April 8, 2009 at 5:33 pm

London Assembly Member James Cleverly has an interesting take on how to limit the expense claims for a sink-plunger for an MP’s 9th house which is really owned by their second cousin twice-removed. It’s worth reproducing in full as well as the link. Remember that James is a serving TA officer as well which gives him this military slant on the issue:

Why not just give them quarters?

Yet more bad news about MPs housing allowances!

“I completely understand that MPs need to have a base in or near their constituencies and many also need a place in or near central London. Politicians do work funny hours and a regular commute isn’t always feasible. But why are they expected to find their own accommodation?

Members of the armed forces get moved around the world on a fairly regular basis. An army officer could be based on Germany for a few years, then across to Tidworth (Hampshire) for a bit, up to Glasgow, a stint in London at the MOD, back to Germany etc. It is regarded as part of the job. Single soldiers live in barracks and married soldiers live in married quarters. The Army understands that the job means geographic displacement and acts accordingly.

If it’s good enough for our brave boys it should be good enough for our MPs.

I think that parliament should buy up a number of flats near to central London, 500 should do the trick.

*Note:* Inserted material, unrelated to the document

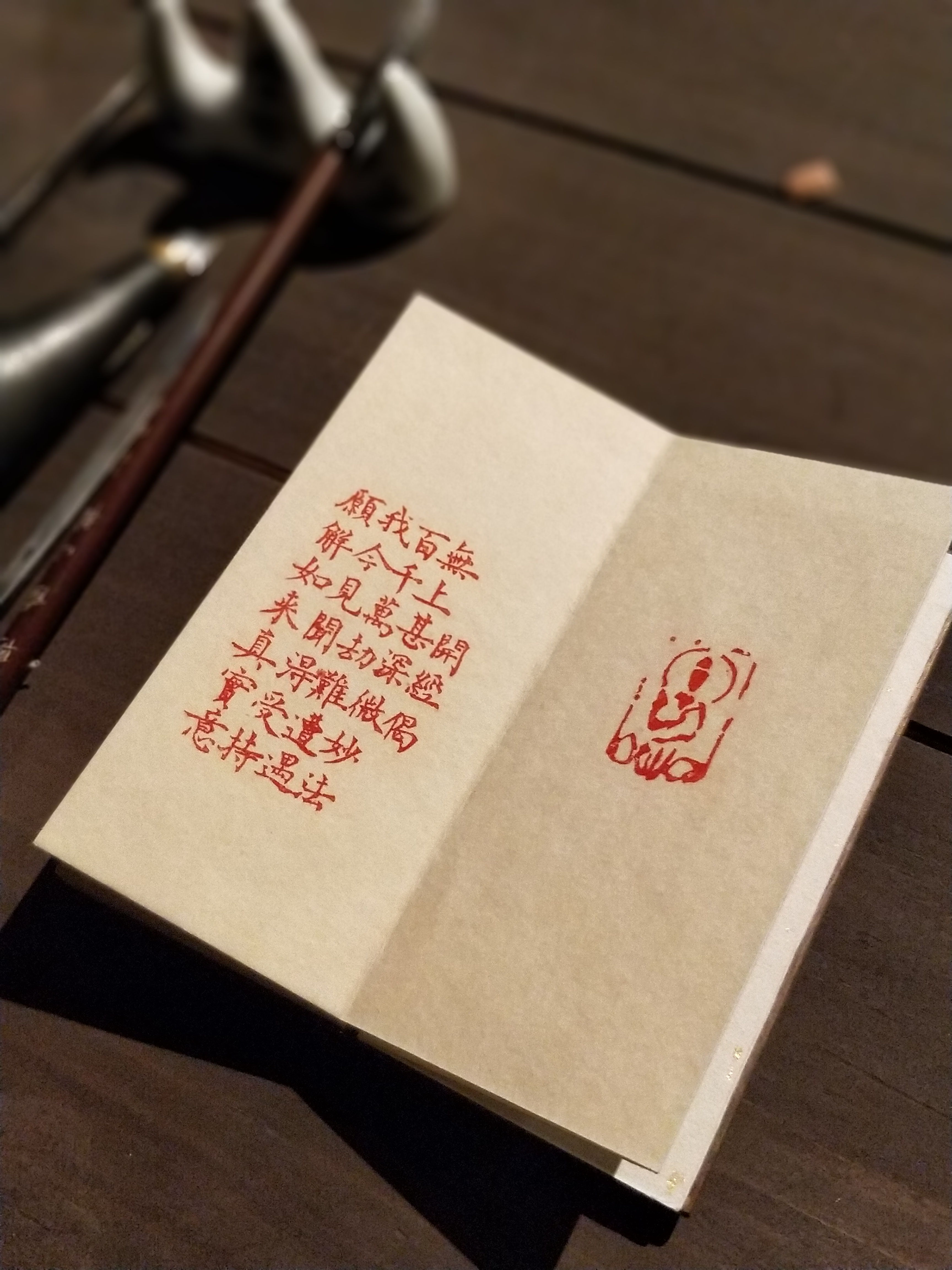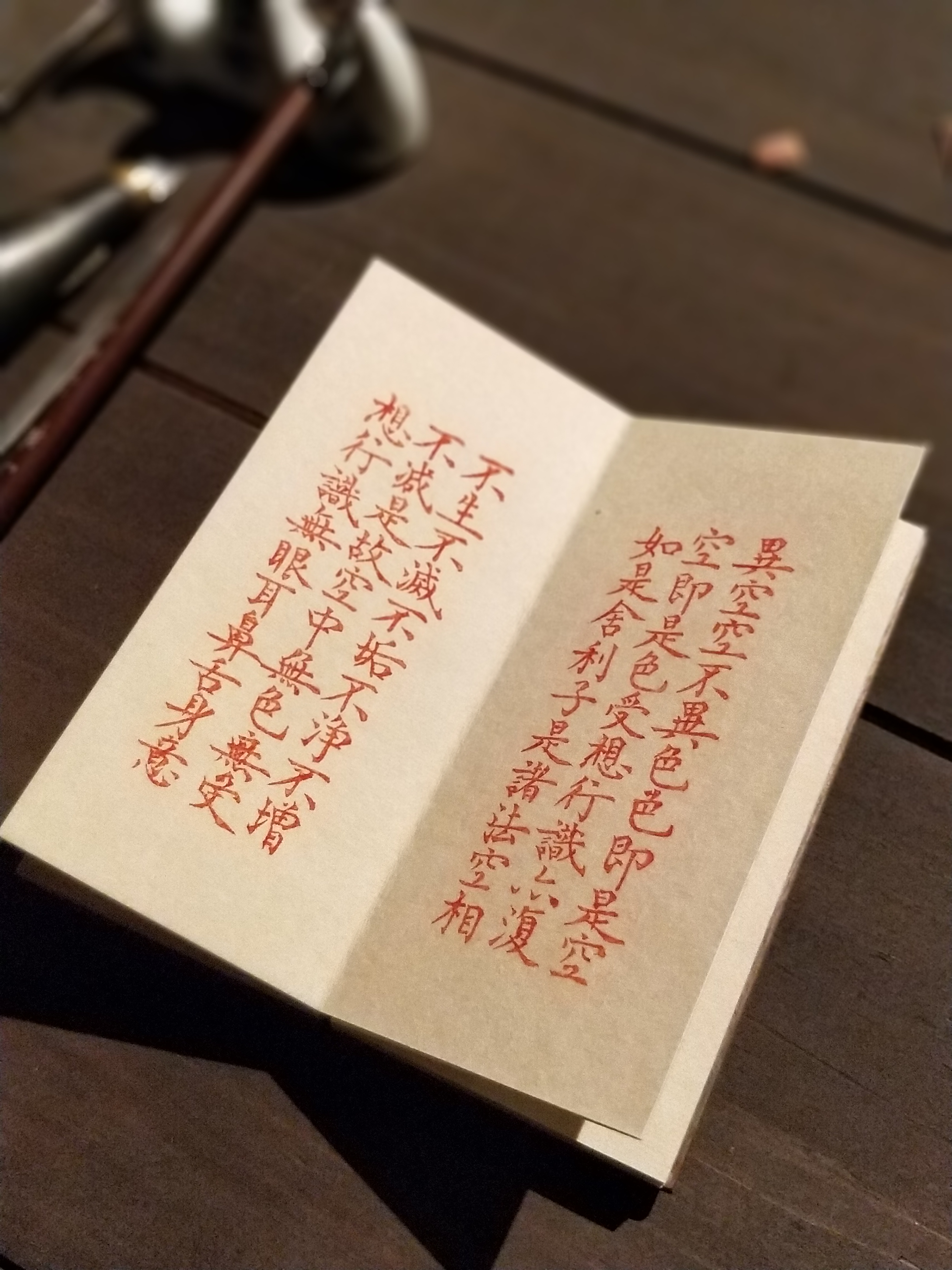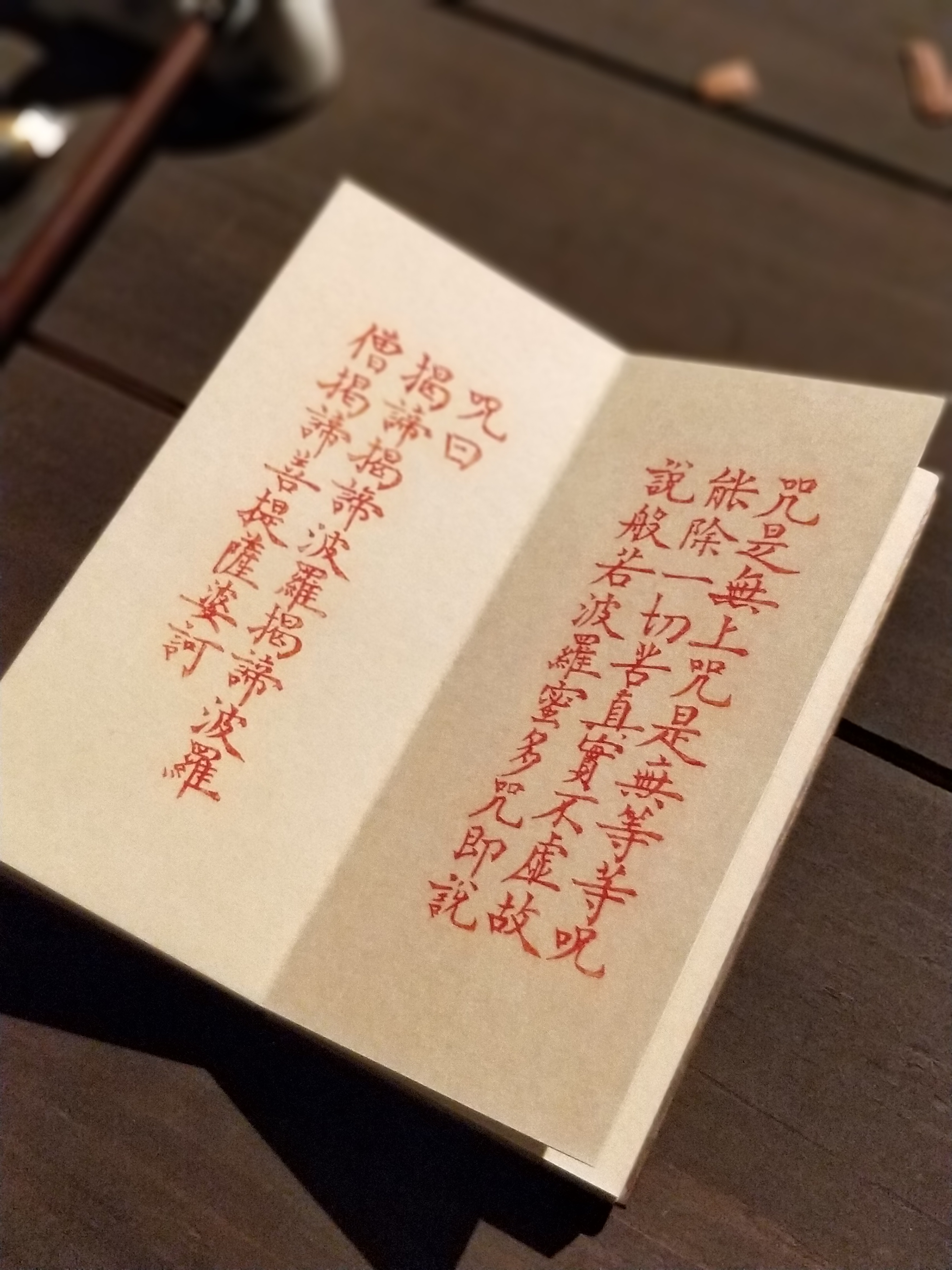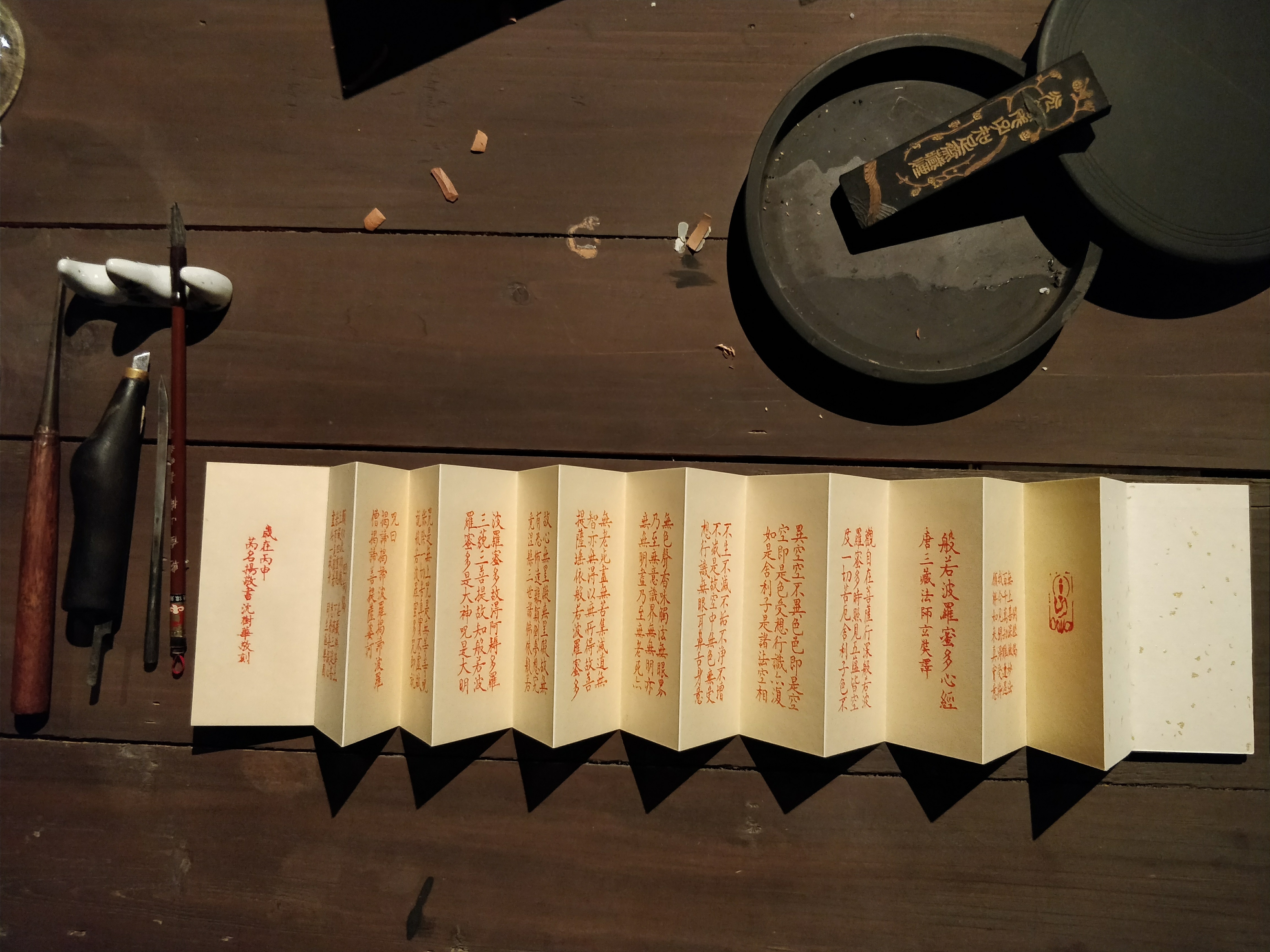 木刻丨《心经》沈树华老师亲工,日本矿物朱砂印制,小叶桢楠面板,手工亚麻布袋(下单后7日内发货)

There are developments going up in Chelsea, Battersea, etc which most people would give their right arm for. They can be of mixed size to cover everything from single MPs to those who want to base their family in London, the block could have centralised security and be fitted with a secure IT and comms system.

MPs will be allocated a flat when they get voted in and hand it back when they get voted out. Easy.

It might be a bitter financial pill to swallow in the short term but would clean up the system and help to restore confidence in the financial integrity of our MPs.”

This chimes in with a recent suggestion elsewhere to use the Olympic Village (with its obvious built-in security features) after the event for exactly this purpose. TheEye can’t remember where that suggestion came from but will try to track it down and update the post.

James, as usual, is talking good common sense.

UPDATE: Found the other suggestion by CHome’s Jonathan Isaby:

Should MPs be housed in London’s Olympic Village?

I’m not sure I’m entirely persuaded by this idea, but here’s an ingenious contribution to the debate about what to do with MPs’ second home allowances.

It comes from Ian McCord, a Conservative councillor in South Northamptonshire, who has come up with the proposal and set up this petition on the Number Ten website to promote it.

He says that the MPs’ second home allowance should be abolished and that the accommodation being built for athletes in the 2012 Olympic Village in east London should be converted (presumably after the Olympics?) into living accommodation for MPs with constituencies to which they cannot commute.

Cllr McCord makes the point that the apartments in the Olympic Village will doubtless be subject to the most stringent of security – which would obviously be a particular consideration if all MPs are being housed in the same place.

I remember meeting a Swedish MP a few years ago who said that this was exactly what happened in Stockholm: all the MPs had access to rooms in a university-style hall of residence in the city. Apparently the late-night parties on the roof terrace were riotous!

Okay, so maybe the party thing might become a tabloid free-for-all but the theory is there.

Frankly TheEye would prefer 646 lampposts and a lot of rope but keeping them all living in the same place might make it easier when the time comes.